LunavoxAudio exposes a subset of the above directly on the audio struct, so the C / Python binding does not need an extra round-trip. Memory / VRAM samples live in a nested LunavoxMemStats block so callers see a single mem.*_peak_delta_bytes computation path instead of juggling flat fields:

typedef struct LunavoxMemStats {
    uint64_t rss_start_bytes;
    uint64_t rss_end_bytes;
    uint64_t rss_peak_bytes;
    uint64_t vram_start_bytes;
    uint64_t vram_end_bytes;
    uint64_t vram_peak_bytes;
    uint32_t vram_measured;  /* 1 = NVML returned per-PID attributed bytes; 0 = not measured */
    uint32_t _pad;
} LunavoxMemStats;

typedef struct LunavoxAudio {
    const float* samples;
    int32_t  n_samples;
    int32_t  sample_rate;
    int64_t  t_tokenize_ms;
    int64_t  t_encode_ms;
    int64_t  t_generate_ms;
    int64_t  t_decode_ms;
    int64_t  t_total_ms;
    int64_t  audio_duration_ms;
    float    rtf;
    float    _pad;
    LunavoxMemStats mem;
} LunavoxAudio;

VRAM attribution

vram_* fields are sampled via NVML using nvmlDevice*RunningProcesses and filtered to the engine's own PID — readings reflect LunaVox's own allocations, not whole-device usage.

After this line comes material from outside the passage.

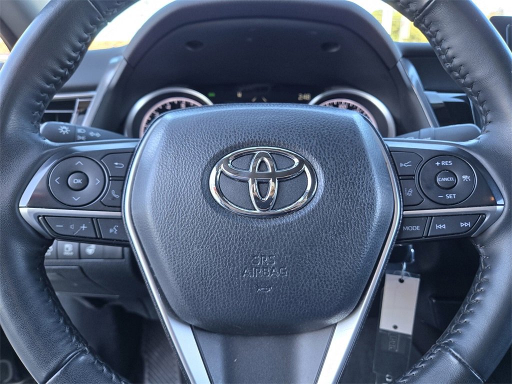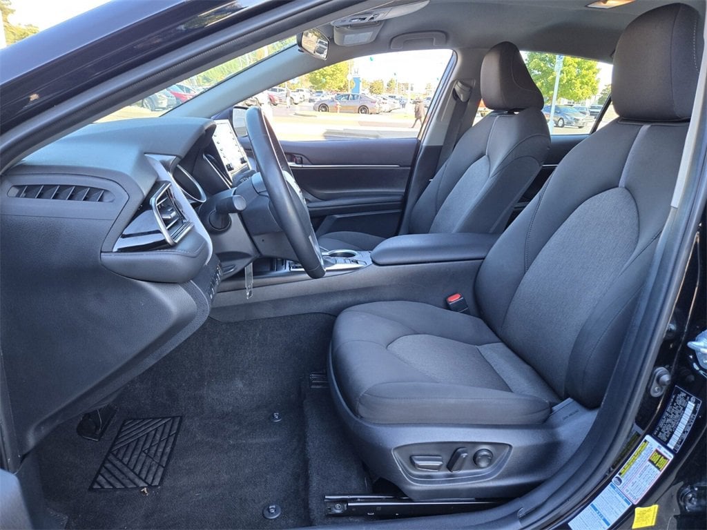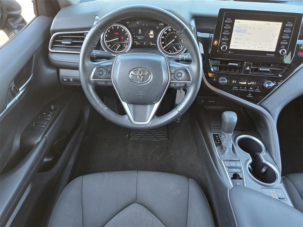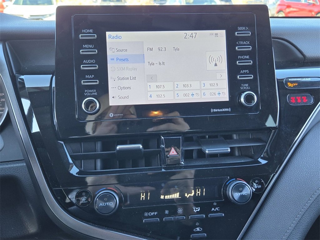 This 2024 Toyota Camry comes equipped with, Black Cloth, 4-Wheel Disc Brakes, 6 Speakers, ABS brakes, Air Conditioning, Alloy wheels, AM/FM radio: SiriusXM, Apple CarPlay/Android Auto, Auto High-beam Headlights, Automatic temperature control, Brake assist, Bumpers: body-color, Carpet/Trunk Mat Set (TMS), Cold Weather Package, Delay-off headlights, Driver door bin, Driver vanity mirror, Dual front impact airbags, Dual front side impact airbags, Electronic Stability Control, Emergency communication system: Safety Connect (1-year trial), Exterior Parking Camera Rear, Fabric Seat Trim, Four wheel independent suspension, Front anti-roll bar, Front Bucket Seats, Front Center Armrest, Front dual zone A/C, Front reading lights, Fully automatic headlights, Heated Exterior Mirrors, Illuminated entry, Knee airbag, Low tire pressure warning, Multi-Stage Heated Front Seats, Occupant sensing airbag, Outside temperature display, Overhead airbag, Overhead console, Panic alarm, Passenger door bin, Passenger vanity mirror, Power door mirrors, Power driver seat, Power steering, Power windows, Radio data system, Radio: Audio, Rear anti-roll bar, Rear seat center armrest, Rear side impact airbag, Rear window defroster, Remote keyless entry, Security system, Speed control, Speed-sensing steering, Split folding rear seat, Steering wheel mounted audio controls, Tachometer, Telescoping steering wheel, Tilt steering wheel, Traction control, Trip computer, Variably intermittent wipers, Wheels: 17" x 7.5J Alloy, Black Cloth.
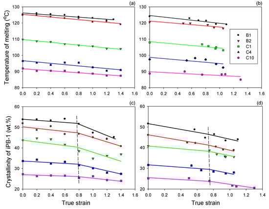 The dependencies of the melting temperature (a,b) and iPB-1 crystallinity evaluated from the area of the main melting peak (c,d) on true strain applied in compression (a,c) and tension (b,d). The crystallinity was calculated with respect to the weight fraction of the iPB-1 species in the sample. Symbols of samples are indicated in (b). Straight line segments were drawn to guide the eye only, and they do not represent any real dependence.

When NVML is unavailable, or when the driver cannot attribute a per-process byte count for the current process, vram_measured stays 0 and the vram_* fields are undefined. Clients MUST gate VRAM rendering on vram_measured, not on vram_peak_bytes > 0 (a zero reading on a CPU-only run is a legitimate measurement).

Python / HTTP mirrors

The Python binding mirrors this as MemStats + SynthesisStats (see lunavox.runtime.params), and the HTTP / WS API echoes it as SynthStatsResponse { mem: MemStatsResponse } with the same field names. MemStats.rss_peak_delta_bytes / vram_peak_delta_bytes are computed properties — they return peak - start clamped at zero, which is the single correct "synthesis-driven growth" figure for UIs to display. The finer llama_* / decoder_* sub-timings only appear in the JSON file output.

Consumers

  • benchmark/run_benchmark.py — reads --stats-json to compute the 100-run latency / TTFB / RTF / memory distribution that powers benchmark/report.md.
  • lunavox.gui.widgets.stats_card::StatsCard.update_stats — renders SynthesisStats directly into the GUI's stats card (no legacy dict projection).
  • New tooling should import from lunavox.core.stats_schema instead of poking at free-form dicts.